I have to solve a problem that conveys my very basic elasticsearch know-how.
I have a set of objects - each of them has a set of tags. How:
obj_1 = ["a", "b", "c"] obj_2 = ["a", "b"] obj_3 = ["c", "b"]
I want to search for objects using weighted tags . For instance:
search_tags = {'a': 1.0, 'c': 1.5}
I want search tags to be an OR query. That is - I do not want to exclude documents that do not have all the requested tags. But I want them to be ordered for those who have more weight (sort of: each matching tag times its weight).
Using the above example, the order of the returned ducuments will look like this:
- obj_1 (rating: 1.0 + 1.5)
- obj_3 (rating: 1.5)
- obj_2 (rating: 1.0)
What is the best approach to this regarding the structure of the document and the correct way to query ES?
There is a similar question here: Sustainable search - the power of tags (nested / child documentation) , but I donβt want to specify the weight when indexing - I want this to be done when searching.
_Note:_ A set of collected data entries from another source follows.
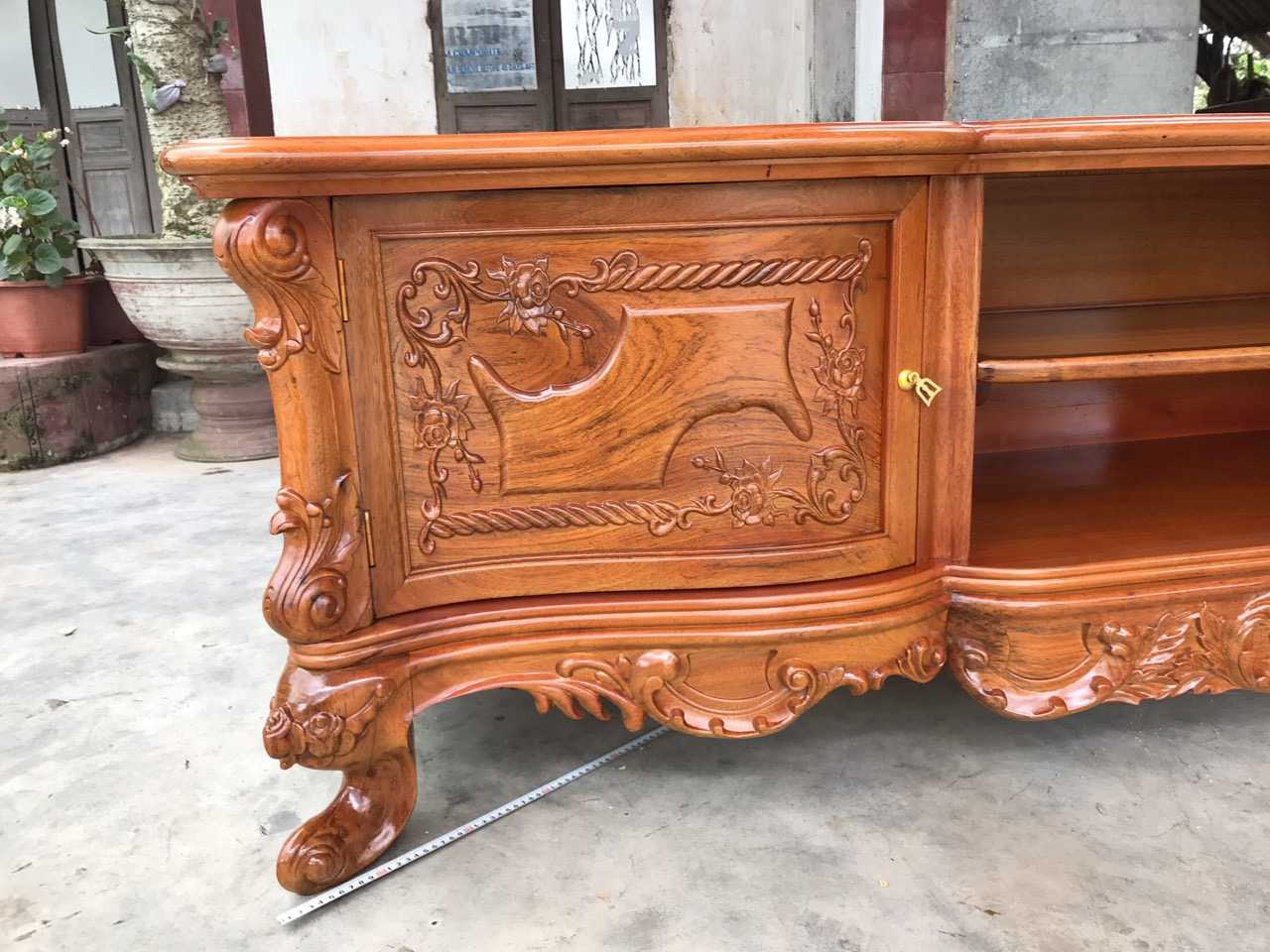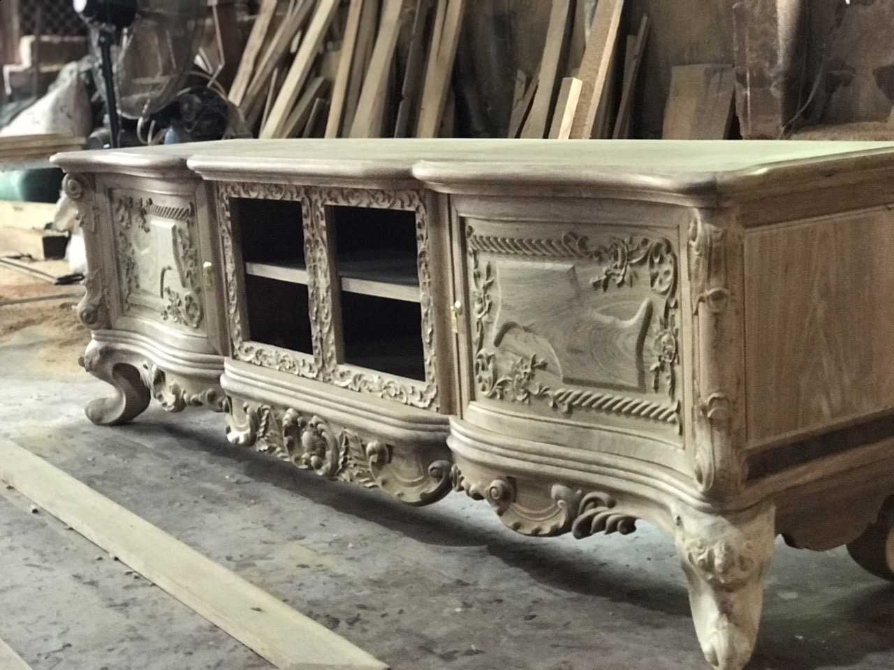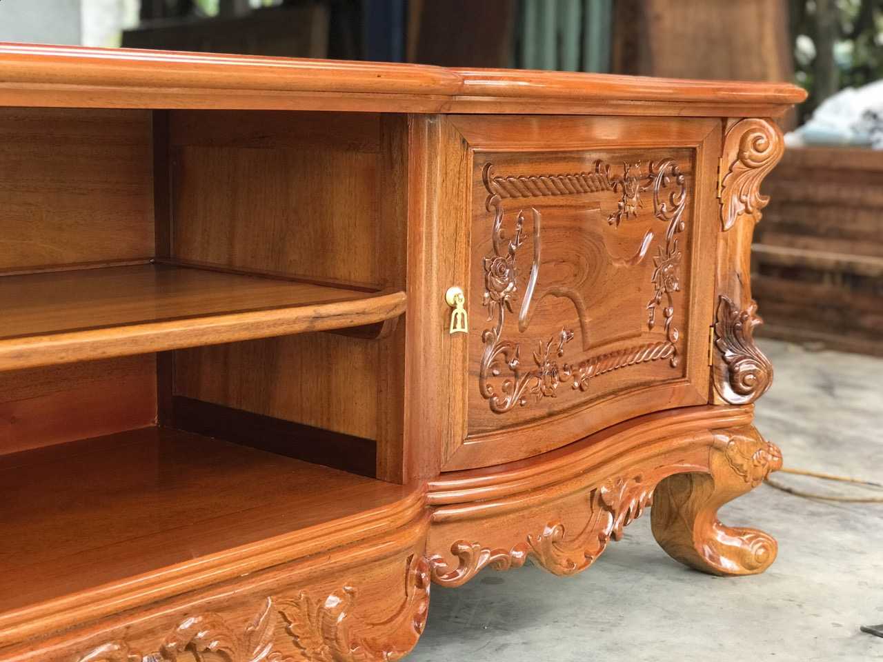 KT32 Kệ tivi louis gỗ Gõ Gụ 2m17 Cánh Cong dày dặn Màu sáng ( Chú Thức, Phú Thọ )
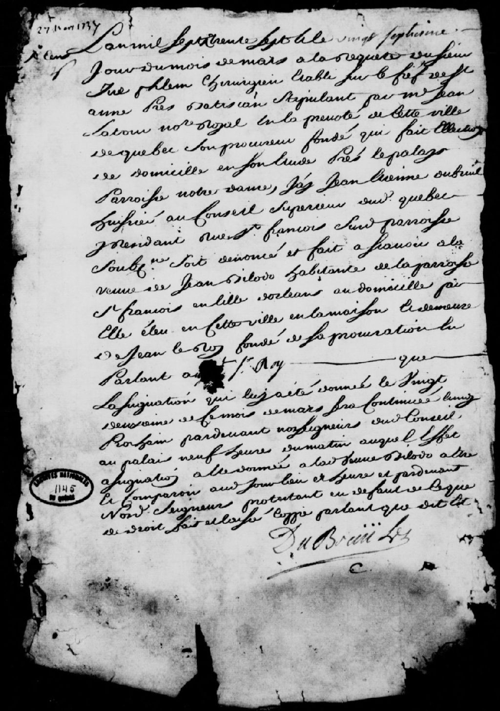 À la requête d'Yves Flemme (Phlem), chirurgien, établi sur le fief de Sainte-Anne près de Bastican, stipulant par maître Latour, notaire royal en la Prévôté de Québec, déclaration à la veuve de Jean Bilodeau, habitante de la paroisse de Saint-François sur l'Île d'Orléans, pour lui faire savoir que l'assignation du 22 mars sera continuée
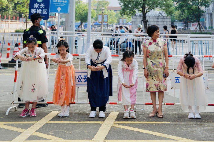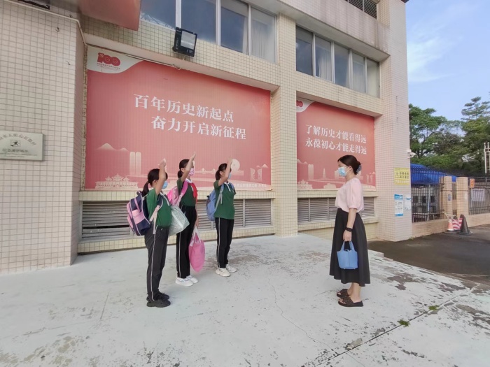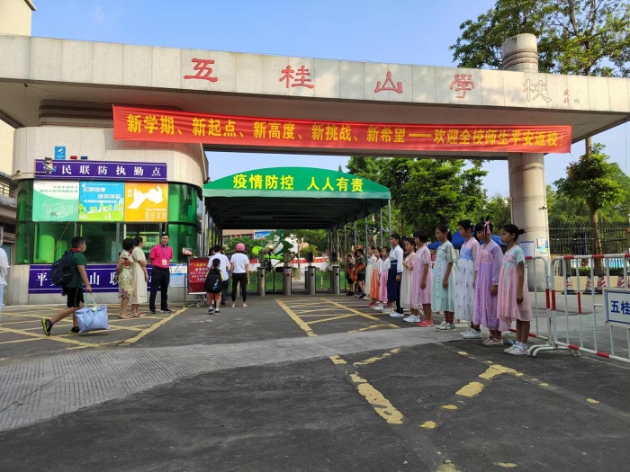2022年9月1日,是新学年开学的第一天。五桂山学校的校门,一列穿上了具有民族特色衣裳——汉服的“小天使”,成为学校开学第一天的亮丽风景线!她们对每一位到校的同学行中华民族传统“作揖礼”。“老师好!”“欢迎同学们平安返校!”“戴好口罩,1米距离”,在一声声友善的问好的提醒中,原本安静的学校顿时热闹非凡。

My current setup is as follows.
Objects:
[ "title":"1", "tags" : ["a", "b", "c"], "title":"2", "tags" : ["a", "b"], "title":"3", "tags" : ["c", "b"], "title":"4", "tags" : ["b"] ]
And my request:
{ "query": { "custom_filters_score": { "query": { "terms": { "tags": ["a", "c"], "minimum_match": 1 } }, "filters": [ {"filter":{"term":{"tags":"a"}}, "boost":1.0}, {"filter":{"term":{"tags":"c"}}, "boost":1.5} ], "score_mode": "total" } } }
The problem is that it only returns objects 1 and 3. Should it match object 2 (has the tag βaβ), or am I doing something wrong?
UPDATE AS OFFERED
Ok Raised to script to calculate the minimum. Minimum match removed. My request:
{ "query": { "custom_filters_score": { "query": { "terms": { "tags": ["a", "c"] } }, "filters": [ {"filter":{"term":{"tags":"a"}}, "script":"1.0"}, {"filter":{"term":{"tags":"c"}}, "script":"1.5"} ], "score_mode": "total" } } }
Answer:
{ "_shards": { "failed": 0, "successful": 5, "total": 5 }, "hits": { "hits": [ { "_id": "3", "_index": "test", "_score": 0.23837921, "_source": { "tags": [ "c", "b" ], "title": "3" }, "_type": "bit" }, { "_id": "1", "_index": "test", "_score": 0.042195037, "_source": { "tags": [ "a", "b", "c" ], "title": "1" }, "_type": "bit" } ], "max_score": 0.23837921, "total": 2 }, "timed_out": false, "took": 3 }
The wrong order still occurs and one result is missing. obj_1 must be before obj_3 (since it has both tags), and obj_2 is still missing. How can it be?